_Information shown_
*-*-*

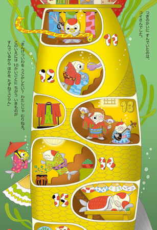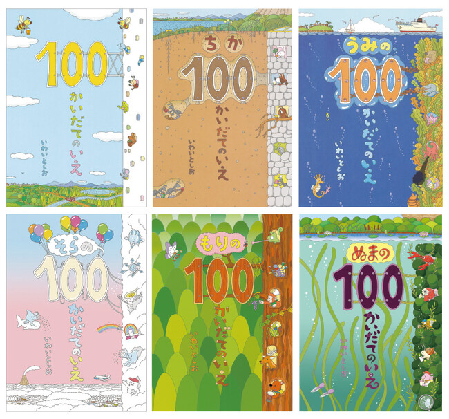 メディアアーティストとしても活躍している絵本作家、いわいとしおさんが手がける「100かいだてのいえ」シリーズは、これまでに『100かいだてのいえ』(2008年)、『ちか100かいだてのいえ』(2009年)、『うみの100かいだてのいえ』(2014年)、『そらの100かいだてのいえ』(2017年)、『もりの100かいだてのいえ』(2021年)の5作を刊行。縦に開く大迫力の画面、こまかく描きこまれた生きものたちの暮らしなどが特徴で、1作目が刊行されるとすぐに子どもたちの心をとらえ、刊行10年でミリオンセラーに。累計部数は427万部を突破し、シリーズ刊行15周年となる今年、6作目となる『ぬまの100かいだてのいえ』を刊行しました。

*-*-*

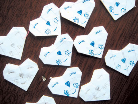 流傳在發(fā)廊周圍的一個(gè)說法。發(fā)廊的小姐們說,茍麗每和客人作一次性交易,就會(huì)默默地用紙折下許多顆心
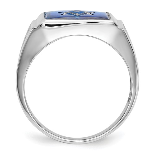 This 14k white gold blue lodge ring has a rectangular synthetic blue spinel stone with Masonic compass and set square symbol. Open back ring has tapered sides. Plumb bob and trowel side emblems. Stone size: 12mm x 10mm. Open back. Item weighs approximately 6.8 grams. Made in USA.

*-*-*

_Exercise requirements_
Begin at the line in the entries above that has "流傳在發(fā)廊周圍的一個", stop after the line that has "This 14k white", and output exactly those lines without pictures.

_Written response_
 流傳在發(fā)廊周圍的一個(gè)說法。發(fā)廊的小姐們說,茍麗每和客人作一次性交易,就會(huì)默默地用紙折下許多顆心
 This 14k white gold blue lodge ring has a rectangular synthetic blue spinel stone with Masonic compass and set square symbol. Open back ring has tapered sides. Plumb bob and trowel side emblems. Stone size: 12mm x 10mm. Open back. Item weighs approximately 6.8 grams. Made in USA.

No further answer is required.